>>

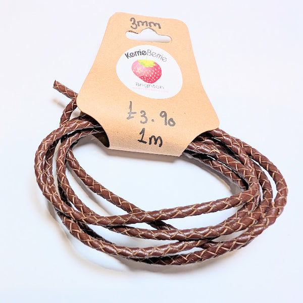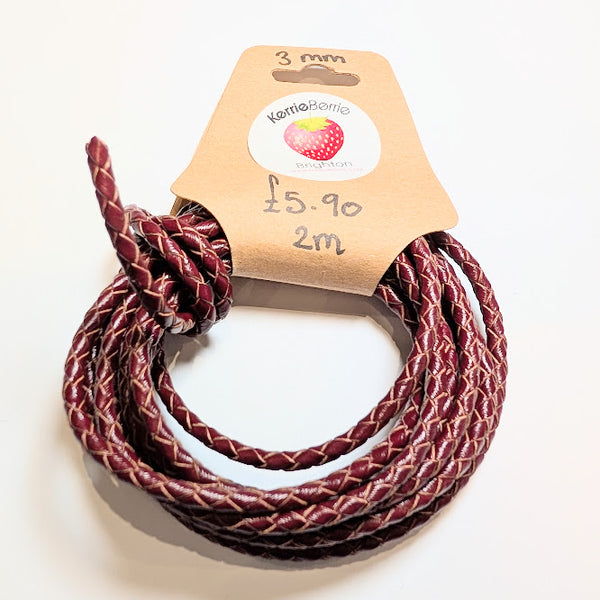 Red/Brown Woven Leather Cord (Plaited) – 3mm (2 meters)
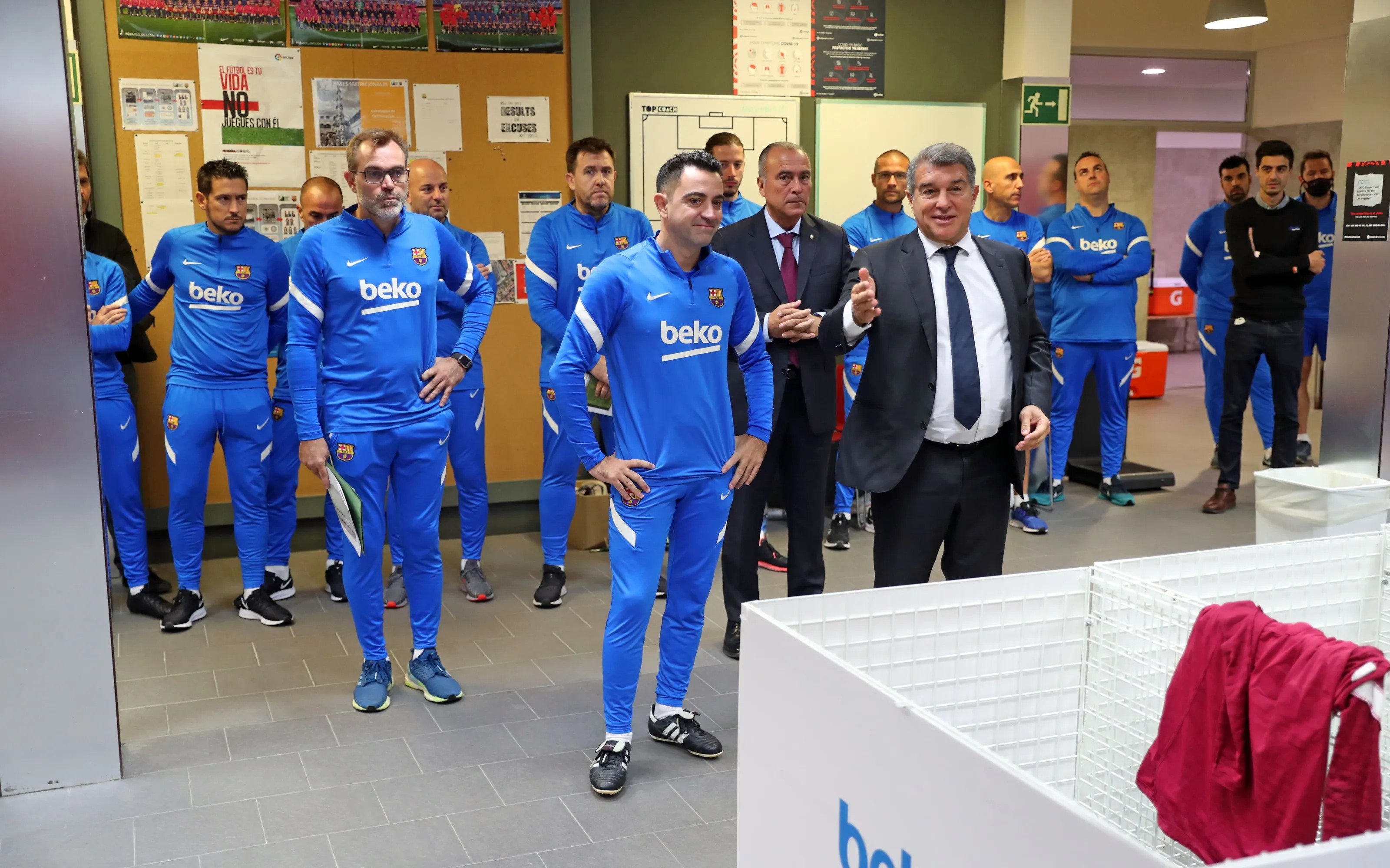 Imagen principal: Joan Laporta hablando a los jugadores del Barça al lado de Xavi Hernández / FC Barcelona
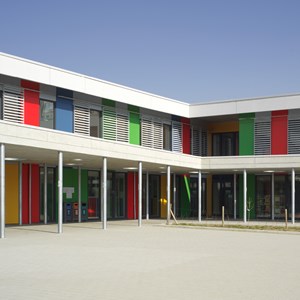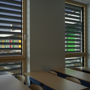 DUCO voorzag de basisschool 'Les Lilas' in Sint-Agatha-Berchem van een efficiënt zonweringsysteem van het type DucoSlide. Dit systeem zorgt er op een natuurlijke en energiezuinige manier voor dat zonnestralen de kans niet krijgen om rechtstreeks de klaslokalen op te warmen, en dit zonder verlies van daglicht.

<<

TASK TO COMPLETE: With the pictures left out, restate word for word every line of the data above, from the first down to the line that contains "Imagen principal: Joan".

WRITTEN ANSWER:
 Red/Brown Woven Leather Cord (Plaited) – 3mm (2 meters)
 Imagen principal: Joan Laporta hablando a los jugadores del Barça al lado de Xavi Hernández / FC Barcelona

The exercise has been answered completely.